Background: In an effort to curtail preventable complications, CMS implemented a policy of nonpayment for certain healthcare-acquired conditions beginning in October 2008. The effect of this policy on rates of nosocomial infections, including central venous catheter-associated bloodstream infections and catheter-associated urinary tract infections, is unknown.

Study design: Quasi-experimental.

Setting: Data collected from 398 hospitals participating in the National Healthcare Safety Network of the Centers for Disease Control and Prevention.

Synopsis: Investigators analyzed rates of nosocomial infections in participating hospitals before and after implementation of the 2008 nonpayment policy. The rates of decline in central venous catheter infections were not significantly different in the pre-implementation and post-implementation periods (4.8% per quarter and 4.7% per quarter, respectively; incidence-rate ratio 1.0; P=0.97).

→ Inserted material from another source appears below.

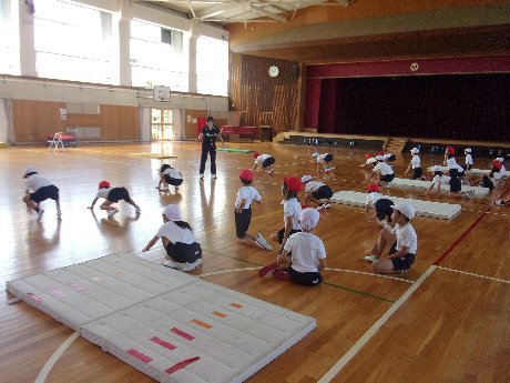 2時間目は体育の授業でした。いろいろな動物になりきって、体を動かしました。
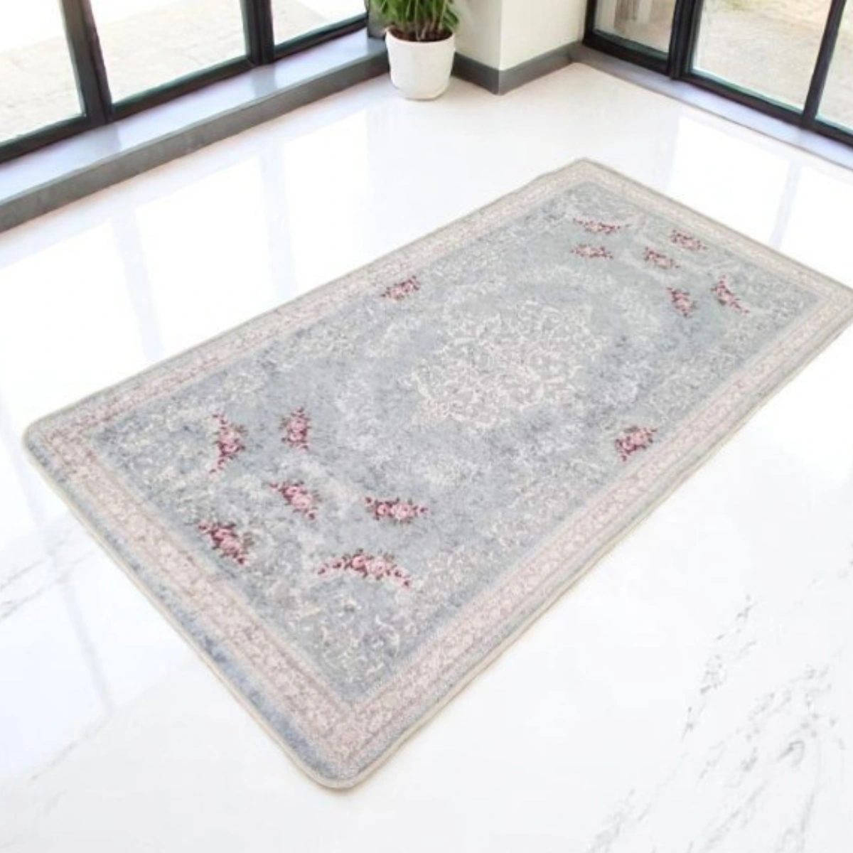 Staza sa elegantnim centralnim medaljionom i raspoređenim cvjetnim motivima u ružičastim tonovima na plavoj pozadini. Tradicionalni dizajn s dekorativnim okvirom donosi klasičnu eleganciju i vintage šarm idealjan za prostore koji traže vremensku sofisticiranost.

Similar results were found with regard to catheter-associated UTIs before and after policy initiation (3.9% per quarter and 0.9% per quarter, incidence-rate ratio 1.03; P=0.08). Results did not vary between states with and without mandatory reporting of nosocomial infections.

While this study’s broad scope limits the ability to draw firm conclusions, it does highlight the need for careful evaluation and quantification of the outcomes resulting from CMS’ expansion of policies for financial incentives and disincentives.

Bottom line: National rates of decline in nosocomial infections were unchanged before and after implementation of CMS’ nonpayment policy in 2008.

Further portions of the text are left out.